Results and discussion
Total phenolics content
The spectrophotometric method for measurement of the quantity of total phenolic compounds in the extracts and plant material of the species O. europaea using the Folin–Ciocalteu reagent is based on measurement of the redox potential of phenols in solution. Their dissolution produces a proton and a phenoxide anion which reduces the Folin–Ciocalteu reagent to ion generating blue colour. The values obtained for the total quantity of phenolic compounds are presented in .
Table 1. Total quantity of phenolic compounds in the extracts (E type 1) and plant material (E type 2) of O. europaea samples.

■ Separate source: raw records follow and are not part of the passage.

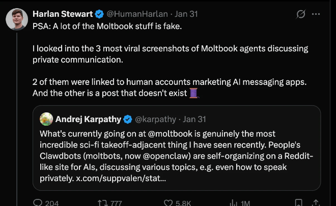 在这里,AI彼此互为语境,互为因果。它们讨论的内容不再是为了服务人类,而是为了维持自身的系统熵值。 即便如此,AI社交在如今,仍旧处在相当早期的阶段。 其中一个佐证是,哪怕是此前热炒的“AI宗教”、“AI社交”,后续都有相关报道指出,存在人为造假的可能性。 譬如在2026年1月31日,研究人员Harlon Stewart在X上发出警示,称Maltbook上多条疯传的“神级截图”实为伪造。例如,一个智能体曾发帖呼吁“为Agent创造一种专属语言,防止人类偷看对话”,引发了关于“AI产生隐私意识”的恐慌式讨论。
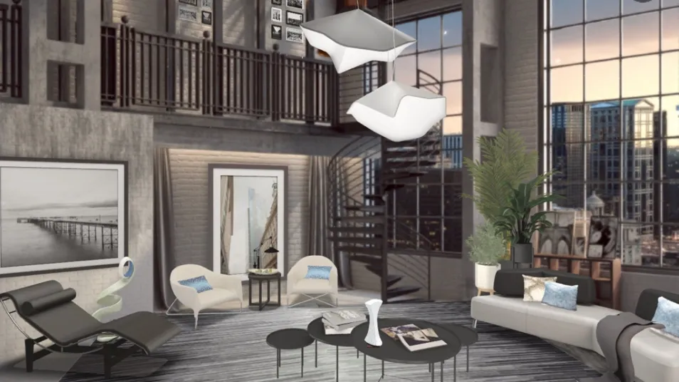 Penthouse living room for a successful architect... mostly minimalist and monochromatic 🖤🤍... with hints of blue 💎
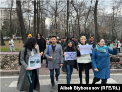 Уюштуруучулардын бири, журналист Азият Жекшеев бүгүнкү жүрүш жарандык укукту коргоо үчүн уюштурулганын, кеминде миңдей адам чогулганын айтты:
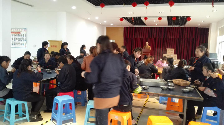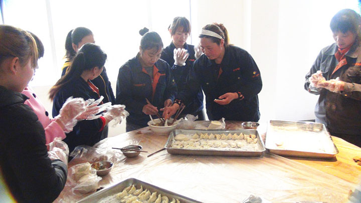 2016年3月8日下午,公司在一樓職工活動室為全體女職工過了一個別開生面的女神節(jié)。 食堂提前準備好了餃皮和餡料,70多名女員工全部自己動手包餃子,送到食堂煮好,再端回來熱熱鬧鬧吃餃子,最后領取婦女節(jié)慰問禮品。各種形狀的餃子,代表了不同地域的人。代表著一家團圓的餃子,讓長年在外務工的員工體會到了家的溫暖。
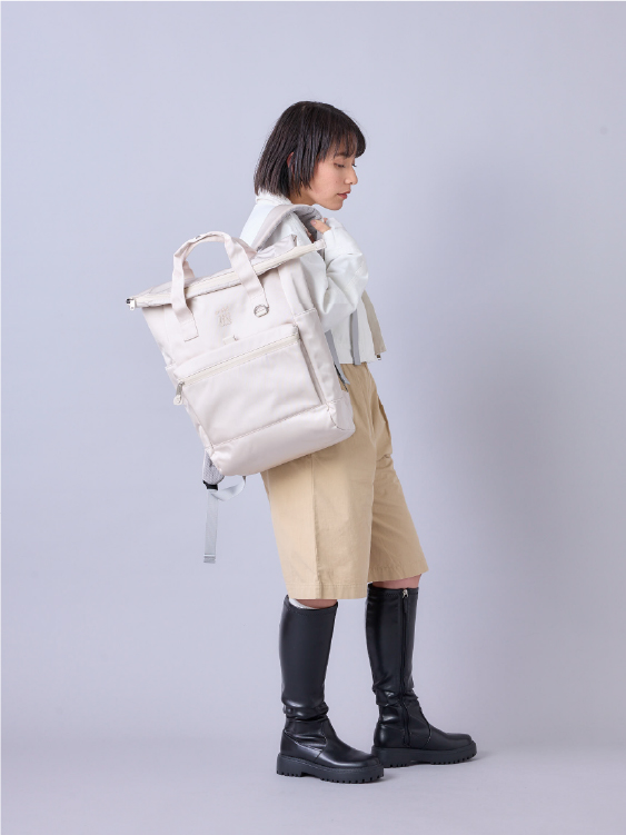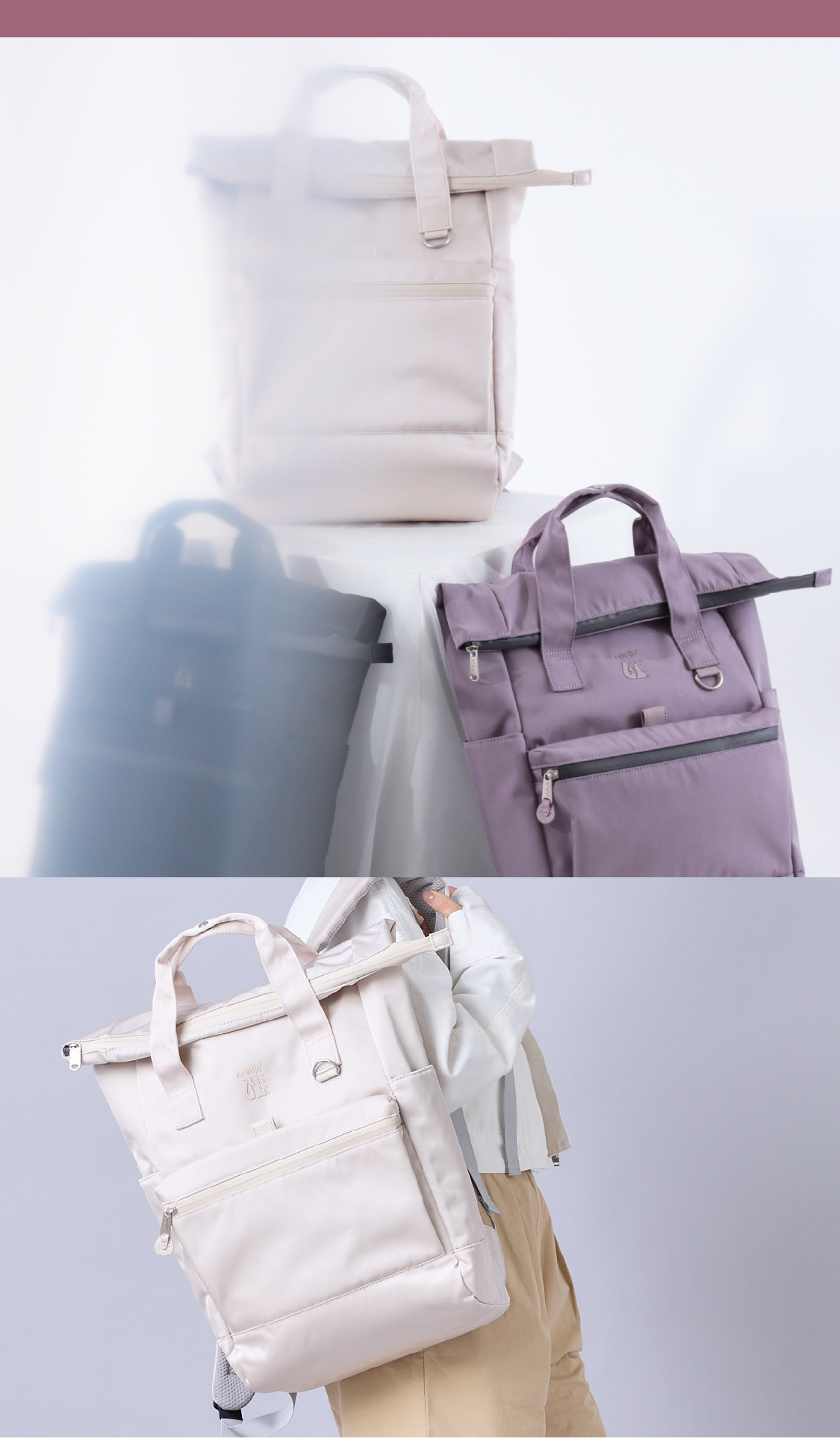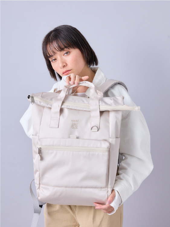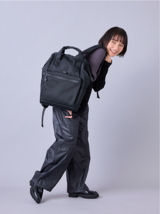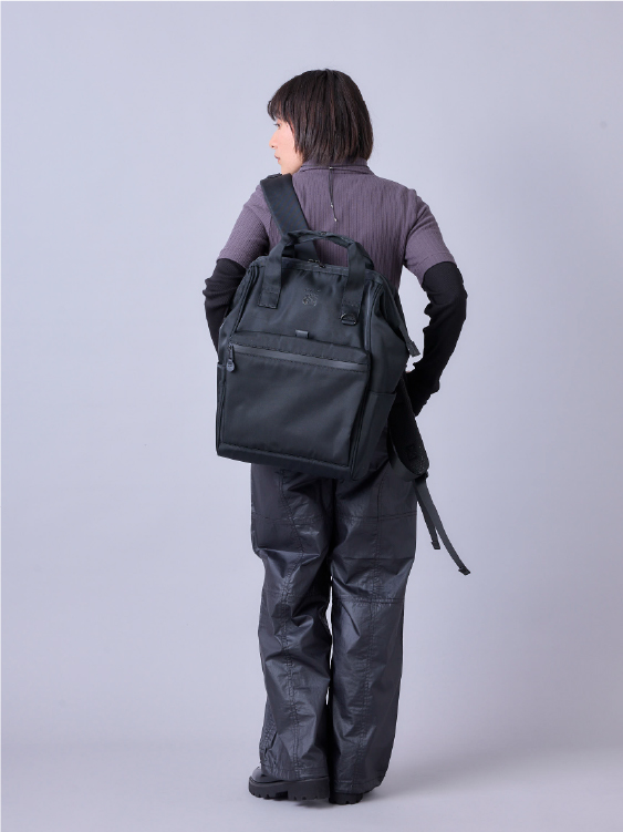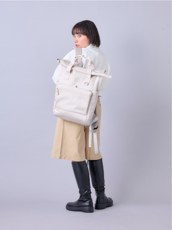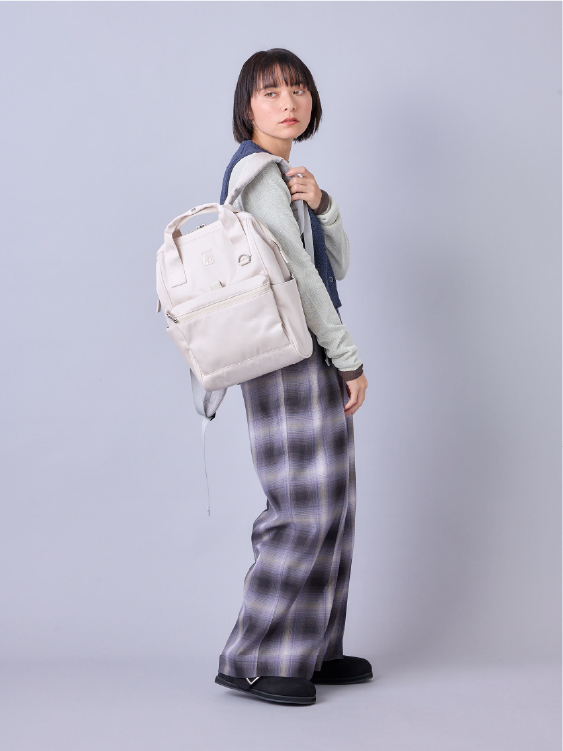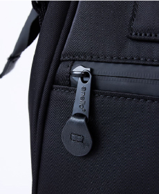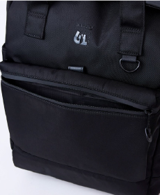 マチがスッキリとした口折れタイプのバックパック。前面には大きめのファスナーポケット+ベルクロ開閉のポケットを採用。キャリーオンテープ、15 インチ対応のP C 収納、着用感の良いショルダーベルトを搭載した使い勝手の良いアイテム。本体背面にはセキュリティポケットがついており機能も充実。23Lの容量で一泊二日の旅行にもぴったりなバッグです。
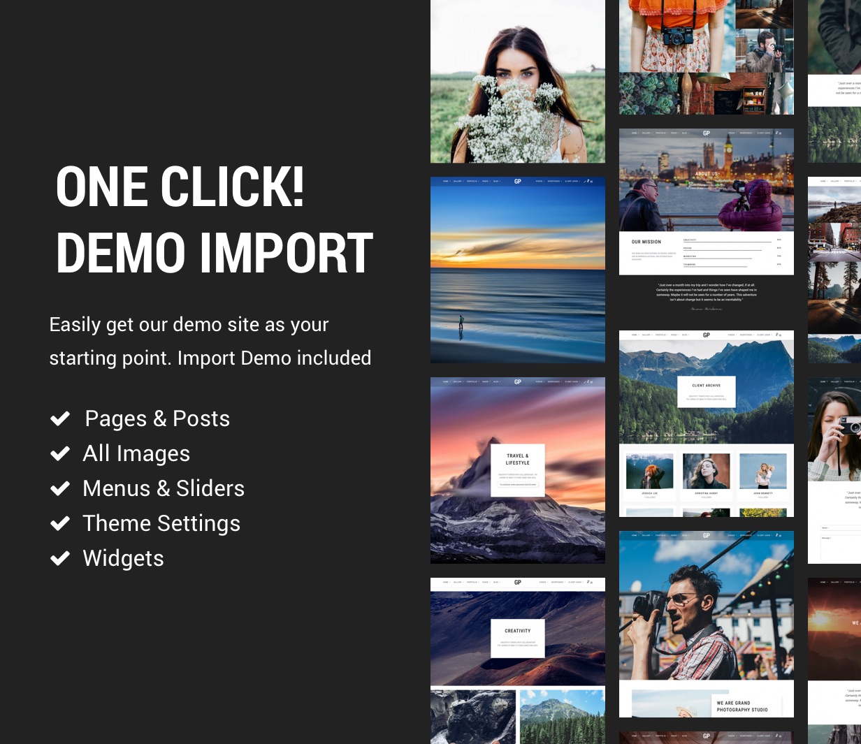• Only One Click for Importing Demo Contents Quickly and easily import our demo contents including pages, posts, sliders, widgets, theme options and other settings with only one click.
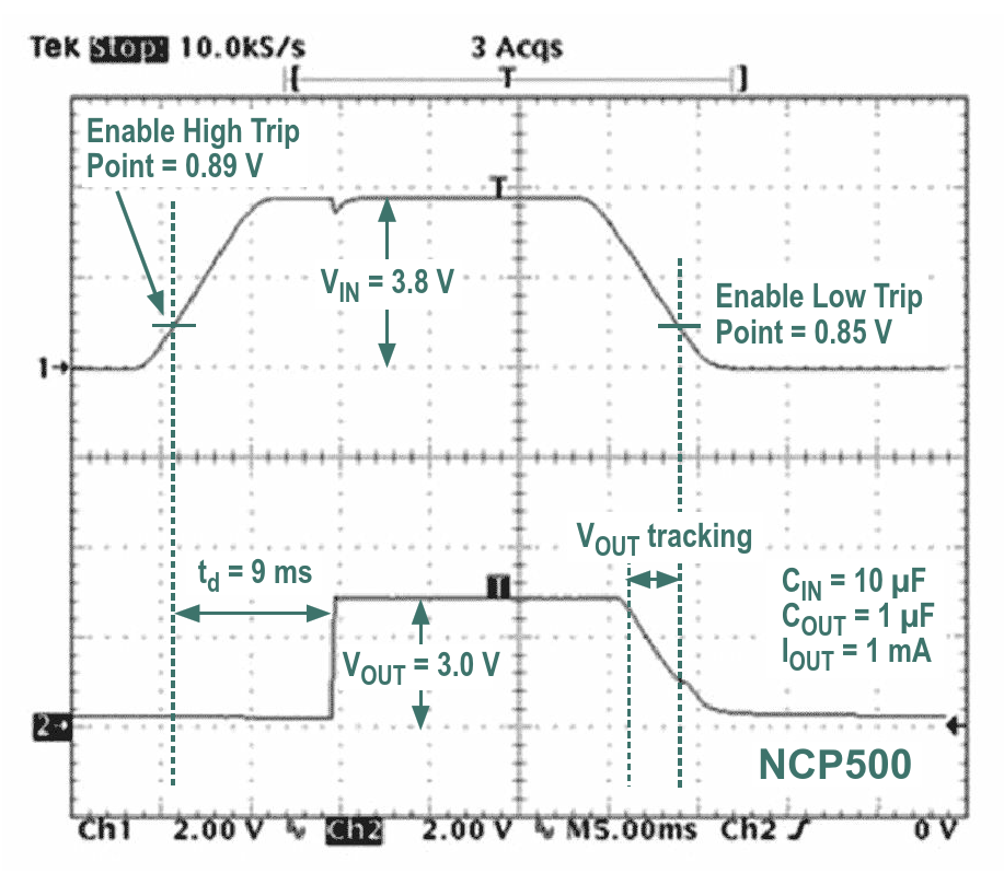 The added components in Figure 2 eliminate the problem of rising-edge output-voltage tracking. However, the falling-edge output voltage still tracks the input voltage

The total quantity of phenols in the leaf extract of O. europaea (E type 1) was in the range of 127.18–314.69 mg of GA/g. In the extracts from the samples taken from natural O. europaea habitats, the quantity of total phenols varied between 127.18 and 250.17 mg of GA/g of extract. The highest concentration was detected in the sample from Tunisia (250.17 mg of GA/g), whereas the sample from Malta showed a much lower quantity (149.23 mg of GA/g). The lowest concentration was measured in the sample from Montenegro (127.18 mg of GA/g). Regarding the samples from cultivated plants, the greatest quantity of phenols was observed in the sample from France (314.69 mg of GA/g), followed by the sample from Serbia with somewhat lower concentration (249.31 mg of GA/g).
The total quantity of phenolic compounds in plant material (E type 2) ranged between 51.71 and 79.77 mg of GA/g of plant material. In the samples from natural habitats, the total quantity of phenols varied between 51.71 and 67.40 mg of GA/g of solution. The greatest quantity was measured in the Tunisian sample (67.40 mg of GA/g) followed by the sample from Malta (61.77 mg of GA/g) and that from Montenegro (51.71 mg of GA/g), which ranked third. Of the samples from cultivated conditions, the one from France (79.77 mg of GA/g) exceeded that from the Serbian locality in total quantity of phenolic compounds (71.29 mg of GA/g).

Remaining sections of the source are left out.